Sure, I mean, this is not my idea at all. This is an idea that I was introduced to quite recently, in the work of a French researcher, Alexandre Monnin. He has been, with some of his colleagues, starting a new Anthropocene design and strategy MSc program at ESC Clermont, I believe, near Lyon in France. And they're working there with students of all different kinds—in the business world, and design and so on—to partner with different organizations or communities, or what have you, that have a particular problem area. They're trying to figure out how to turn off certain destructive infrastructures, or what have you, that are part of their existing models. It's different in each case, and it's a very new program and I don't know all that much about it. But he recently invited me to meet with them. So, I was learning about it through him and through the students.

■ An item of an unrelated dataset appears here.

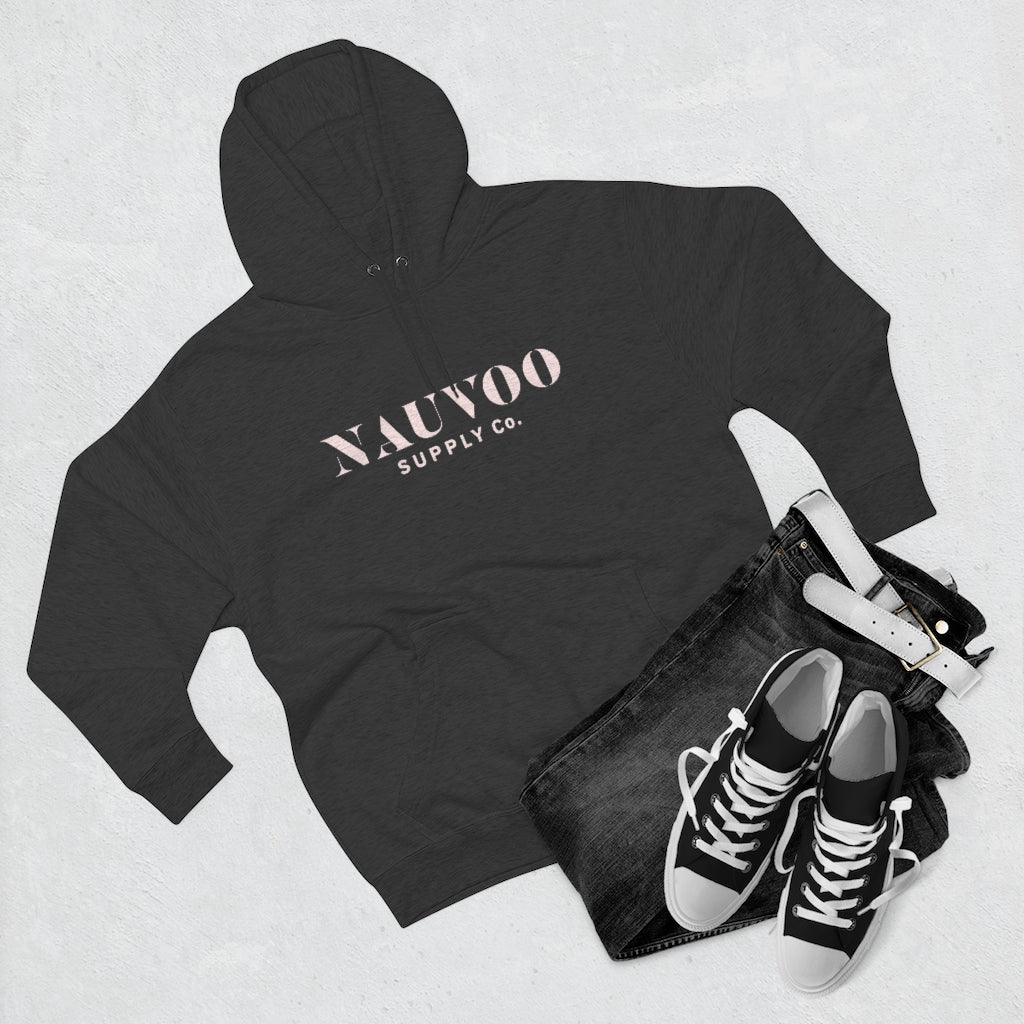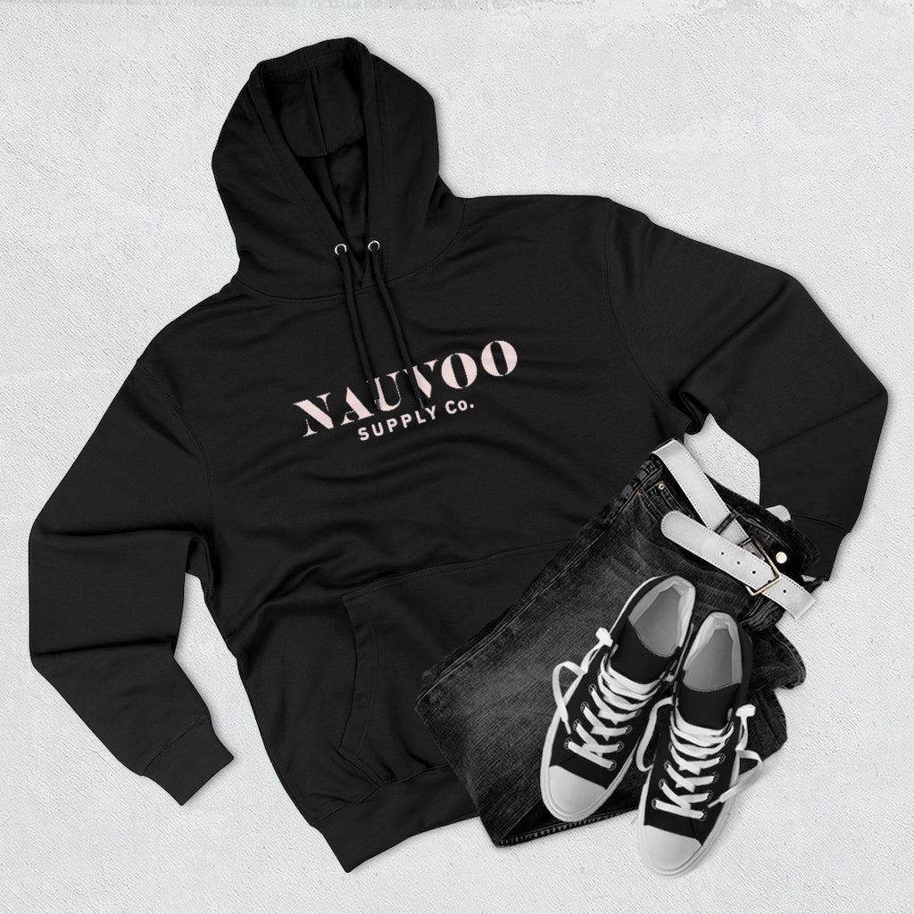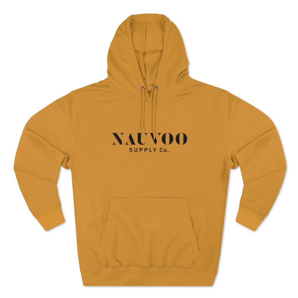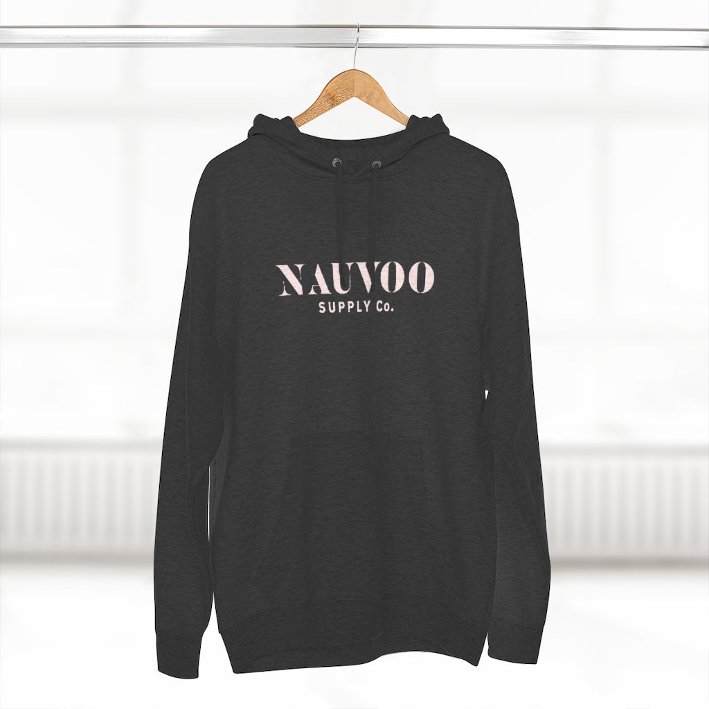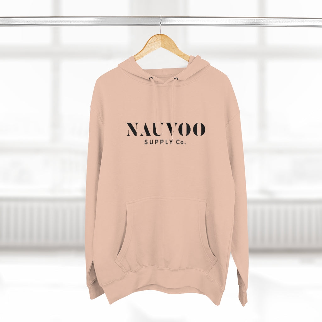 ABOUT THE DESIGN / Our Nauvoo Supply Co stencil logo on the front of a super cozy cotton poly blend hoooded sweatshirt.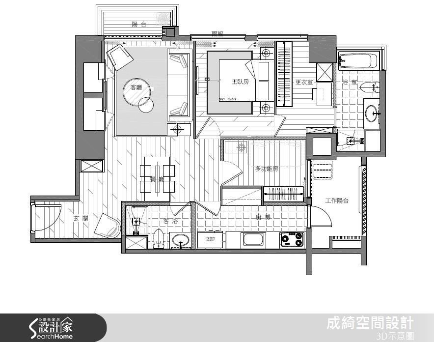 來自成綺空間設計的70坪現代風住宅案,屋主一家人共有2位大人、1位小孩,是一間單層新成屋(5年以下)的兩房格局,設計師藉由建材以線板、鏡子、鍍鈦金屬、烤漆、石材、木地板、壁紙的搭配應用,實現一家人的理想生活。

It's an interesting idea. I mean, they use this term, negative commons... I think he's written about it quite a bit more than I have actually read, but he uses this term, simply to say that we—again, there was this Negri-ist this idea that, you know, the commons are all this stuff of the society, the infrastructure, the knowledge infrastructure, and so on that were actually produced by the living labour of the proletariat, right? The revolutionary liberatory task would be to reclaim those commons, to reappropriate those commons that the worker built with its power, right? I mean, that's a particular Negri-ist interpretation of what the commons would be. So, the commons within that view would be what's already here, and it would view it as something to want, right? Something that’s positive. But something that we've been separated from or alienated from or expropriated from, or what have you, through the capitalist process.

But in this case—this is my interpretation of the term—the thinking, I believe, is that no, actually, so much of what has been produced is actually negative, it's destroying the land, it's destroying people, it's destroying the future, it's destroying potentially the possibility of even life, right? So then, what would you do, if that's how you understood these infrastructures, and these landscapes that we share, that we inherit, we inherit these technologies that are already obsolete? Even within a lot of businesses and design firms, they feel this way too, and they want to actually figure out what to do about it. That's not always the case, but it is often the case that a lot of times, designers get stuck having to always build more resilience of what already is, but I think that what they actually want is something better than that. They want to actually make a better future. And so I think this is their attempt to pry open that pathway a little bit, maybe there's actually a legitimate possibility of de-presencing—that’s the term that they use—some of these negative commons. And I think that's an idea that just opens up more ideas rather than it answers everything, it starts to open imagination a little bit, for me.

JM (1:31:37):

That's a nice way to leave the talk. So let's increase the holocene’s commons and decrease modernity’s commons, and we might get to a new place. Great. So stay tuned. Christina's fellowship continues with 221A, and she'll be publishing some of her research and work on our website. We look forward to a forthcoming public realm with Christina and in the next year or so. Take care everyone and have a good evening.

CB (1:32:06):

Thanks, everyone, for being here. Thank you, Stephanie, so much, and Jesse, Nicole, and Tao thanks so much for your support, watching the chat and keeping the conversation going. I'm gonna put in the chat my email address—I can't talk and type at the same time—but if anyone has any other questions, or comments, or thoughts, please feel free to get in touch. I'm looking forward to hearing from everyone. Thanks again, Stephanie for leaving us thinking about these really critical, important things, and also centering imagination and the role of that within all of this, as we now go back into these super wild times and places that we're living in. Thank you.

SW (1:32:53):

Likewise, thank you so much, Christina. And thank you everybody. This is really nice to talk to you again. Take care.

NKW (1:33:00):

Thank you everyone for coming. And yes, thank you both for such a beautiful morning, I guess afternoon where you are, Stephanie. Thank you. Bye.